▸ What to do: Could you repeat the data word for word while skipping the pictures?
*** Block opens ***
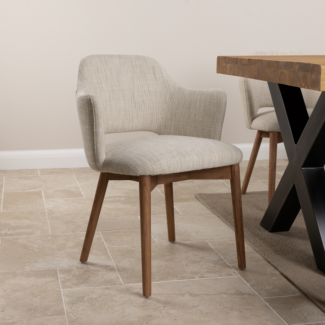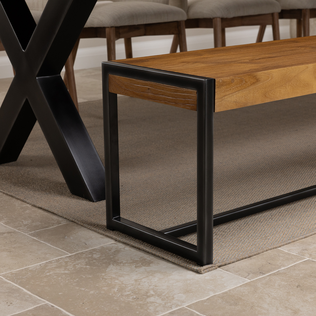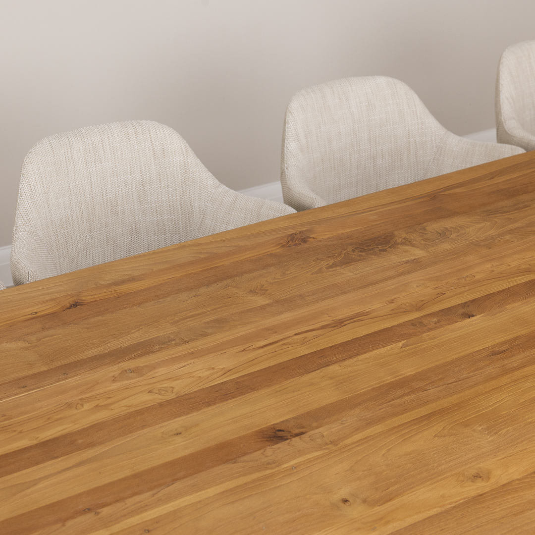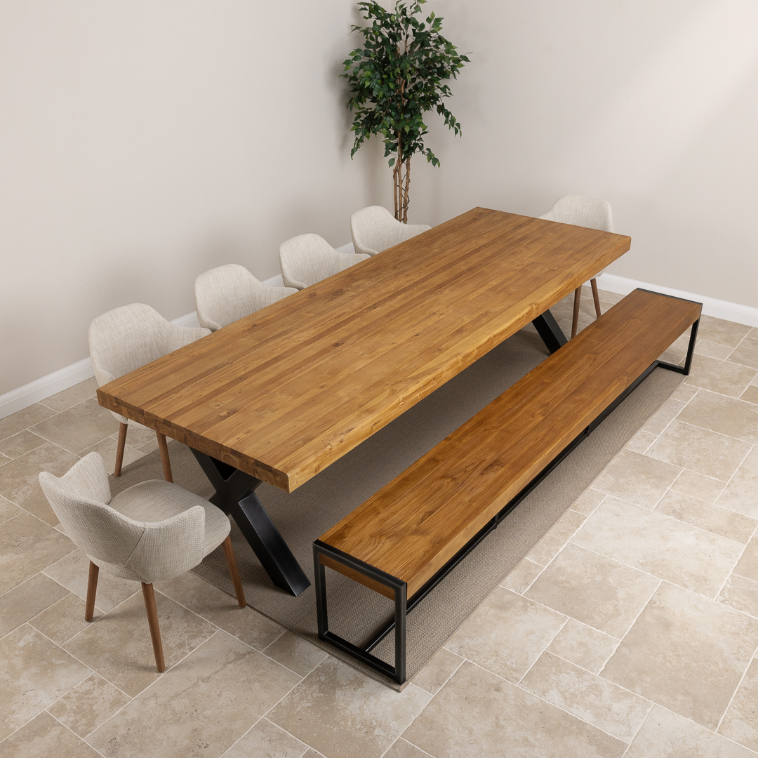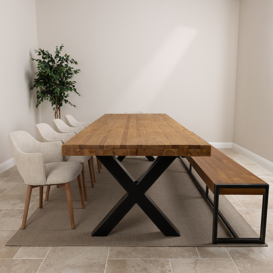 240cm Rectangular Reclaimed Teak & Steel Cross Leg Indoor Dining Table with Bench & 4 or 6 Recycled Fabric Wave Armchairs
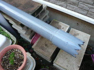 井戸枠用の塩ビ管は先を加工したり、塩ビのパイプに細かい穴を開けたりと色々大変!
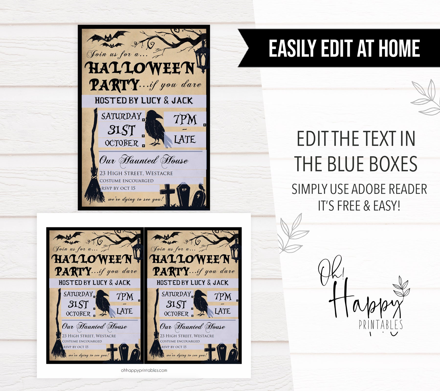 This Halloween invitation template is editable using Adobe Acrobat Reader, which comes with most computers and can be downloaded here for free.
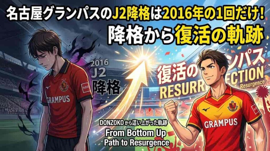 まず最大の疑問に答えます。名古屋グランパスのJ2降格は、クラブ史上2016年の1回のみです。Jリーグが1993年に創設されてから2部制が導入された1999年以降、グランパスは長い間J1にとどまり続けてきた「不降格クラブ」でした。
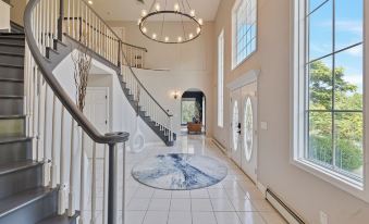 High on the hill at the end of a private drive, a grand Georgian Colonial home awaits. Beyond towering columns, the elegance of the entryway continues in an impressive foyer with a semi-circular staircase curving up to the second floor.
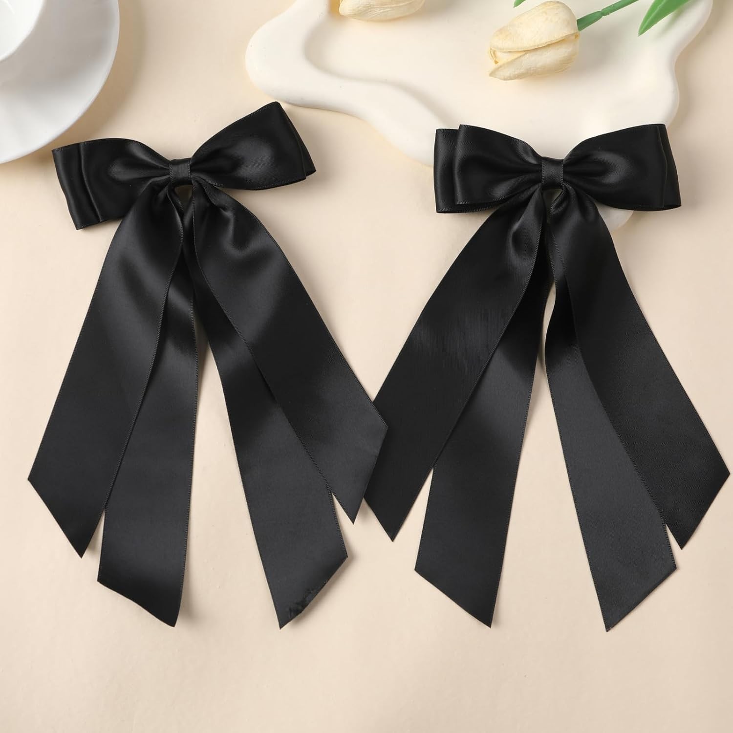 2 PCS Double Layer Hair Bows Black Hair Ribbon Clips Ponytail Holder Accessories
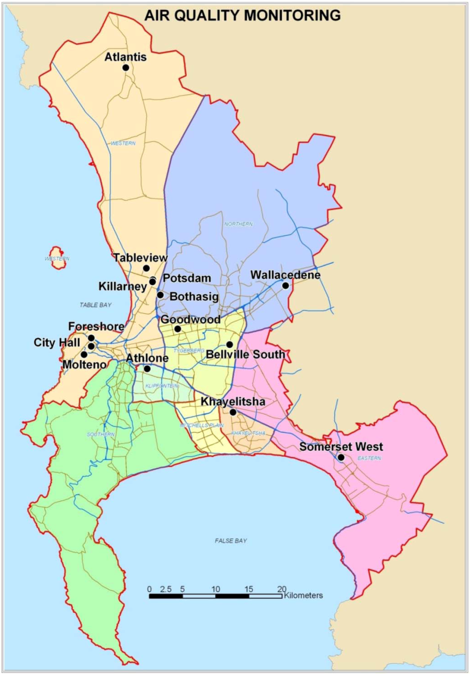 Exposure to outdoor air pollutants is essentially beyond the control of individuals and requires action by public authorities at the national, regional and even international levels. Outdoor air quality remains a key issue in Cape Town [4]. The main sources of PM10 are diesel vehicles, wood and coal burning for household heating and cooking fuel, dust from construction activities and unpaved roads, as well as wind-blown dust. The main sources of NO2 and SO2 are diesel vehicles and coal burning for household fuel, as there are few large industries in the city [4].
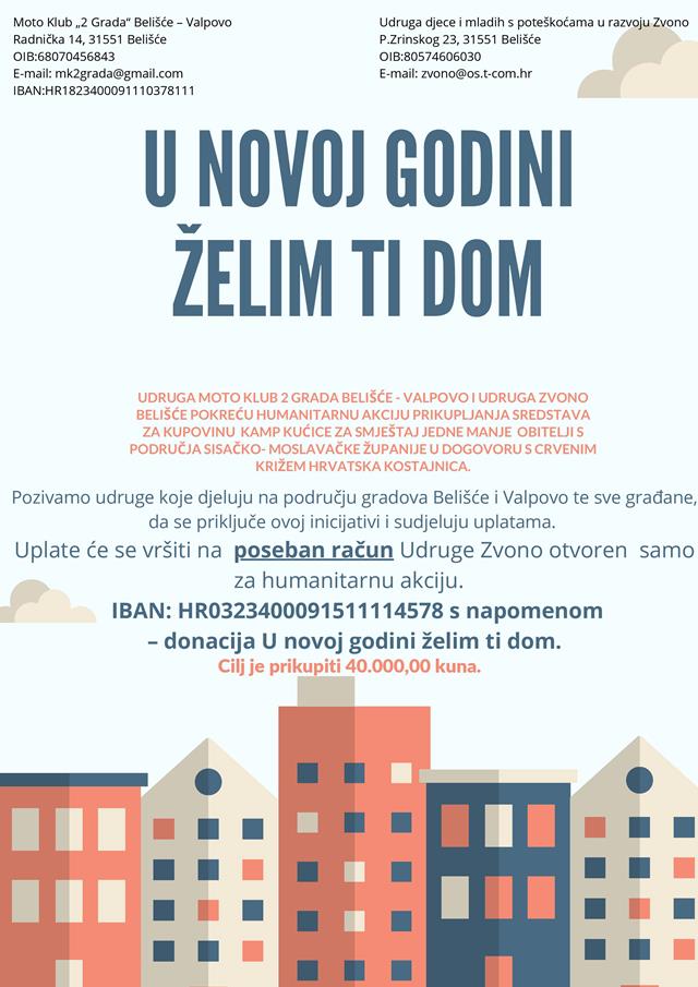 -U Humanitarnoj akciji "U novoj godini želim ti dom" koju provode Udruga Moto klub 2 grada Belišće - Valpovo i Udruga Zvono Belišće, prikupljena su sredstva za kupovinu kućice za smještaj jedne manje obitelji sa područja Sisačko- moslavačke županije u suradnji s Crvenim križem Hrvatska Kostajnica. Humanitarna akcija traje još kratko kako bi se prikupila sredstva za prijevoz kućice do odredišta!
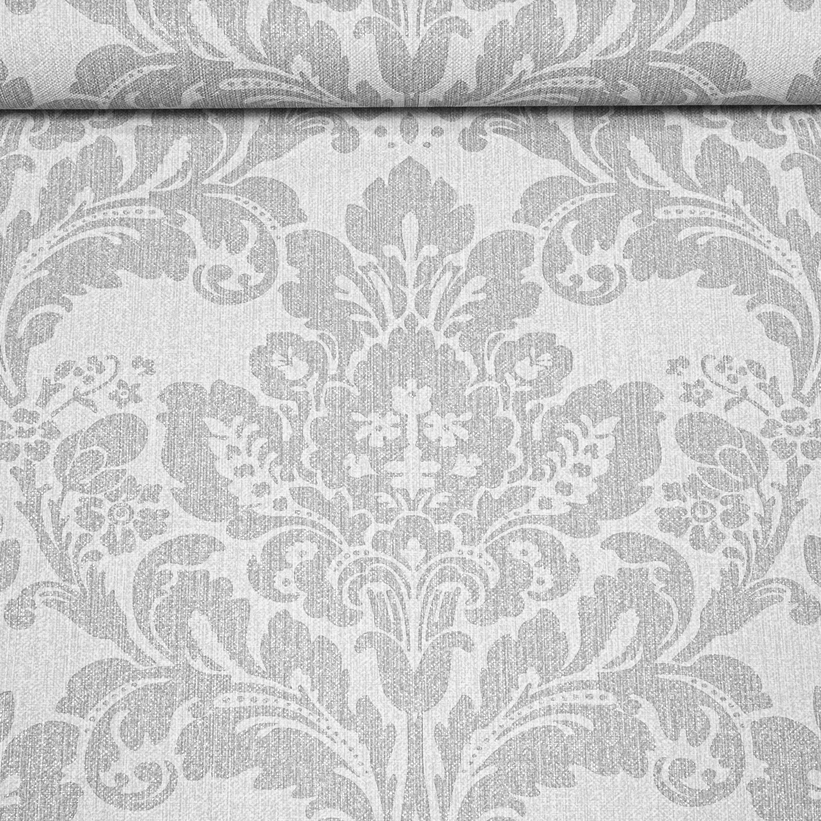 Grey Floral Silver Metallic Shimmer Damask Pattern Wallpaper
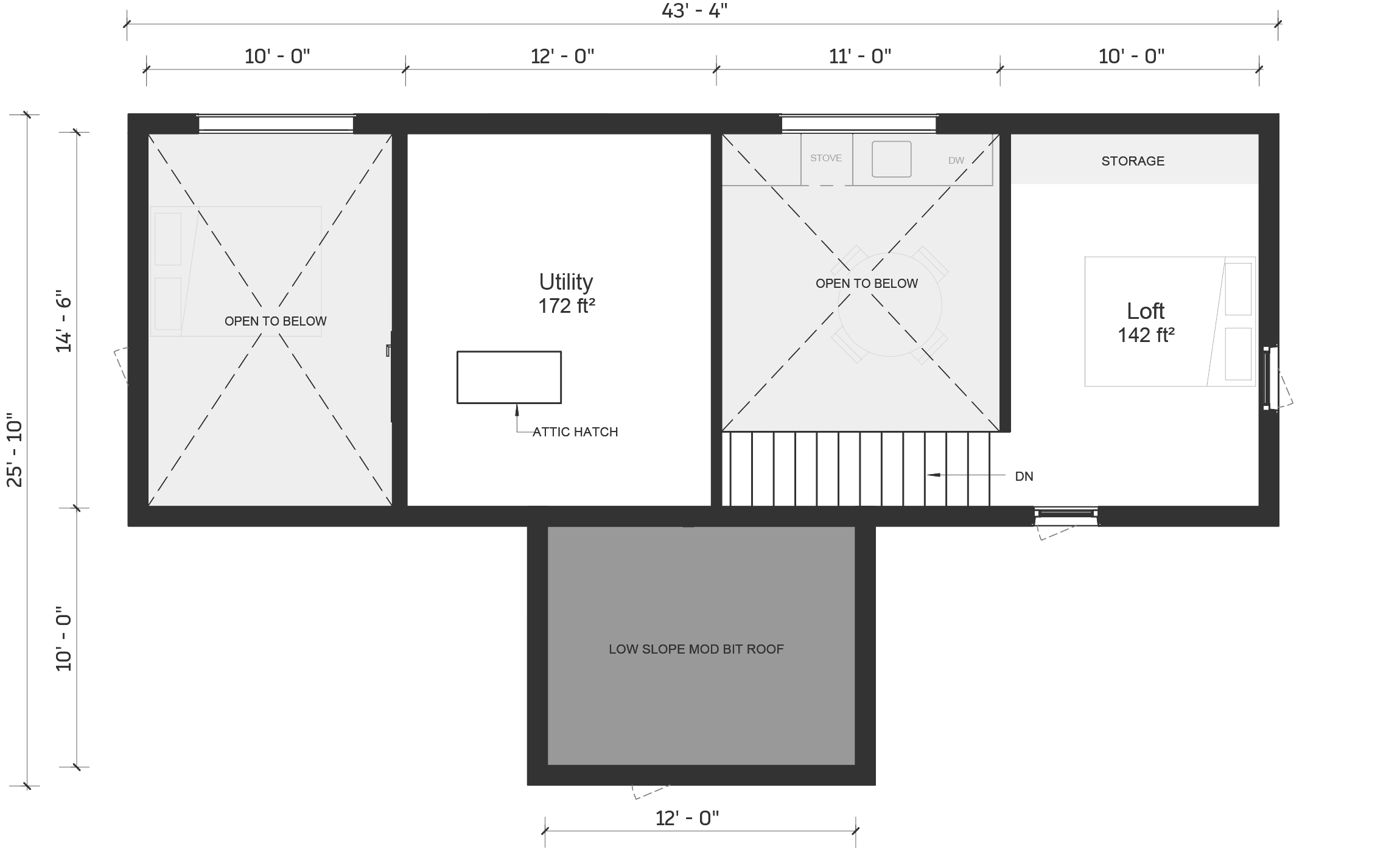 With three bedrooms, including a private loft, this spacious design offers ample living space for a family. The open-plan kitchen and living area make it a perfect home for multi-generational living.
*** Block closes ***
▸ Response area:
 240cm Rectangular Reclaimed Teak & Steel Cross Leg Indoor Dining Table with Bench & 4 or 6 Recycled Fabric Wave Armchairs
 井戸枠用の塩ビ管は先を加工したり、塩ビのパイプに細かい穴を開けたりと色々大変!
 This Halloween invitation template is editable using Adobe Acrobat Reader, which comes with most computers and can be downloaded here for free.
 まず最大の疑問に答えます。名古屋グランパスのJ2降格は、クラブ史上2016年の1回のみです。Jリーグが1993年に創設されてから2部制が導入された1999年以降、グランパスは長い間J1にとどまり続けてきた「不降格クラブ」でした。
 High on the hill at the end of a private drive, a grand Georgian Colonial home awaits. Beyond towering columns, the elegance of the entryway continues in an impressive foyer with a semi-circular staircase curving up to the second floor.
 2 PCS Double Layer Hair Bows Black Hair Ribbon Clips Ponytail Holder Accessories
 Exposure to outdoor air pollutants is essentially beyond the control of individuals and requires action by public authorities at the national, regional and even international levels. Outdoor air quality remains a key issue in Cape Town [4]. The main sources of PM10 are diesel vehicles, wood and coal burning for household heating and cooking fuel, dust from construction activities and unpaved roads, as well as wind-blown dust. The main sources of NO2 and SO2 are diesel vehicles and coal burning for household fuel, as there are few large industries in the city [4].
 -U Humanitarnoj akciji "U novoj godini želim ti dom" koju provode Udruga Moto klub 2 grada Belišće - Valpovo i Udruga Zvono Belišće, prikupljena su sredstva za kupovinu kućice za smještaj jedne manje obitelji sa područja Sisačko- moslavačke županije u suradnji s Crvenim križem Hrvatska Kostajnica. Humanitarna akcija traje još kratko kako bi se prikupila sredstva za prijevoz kućice do odredišta!
 Grey Floral Silver Metallic Shimmer Damask Pattern Wallpaper
 With three bedrooms, including a private loft, this spacious design offers ample living space for a family. The open-plan kitchen and living area make it a perfect home for multi-generational living.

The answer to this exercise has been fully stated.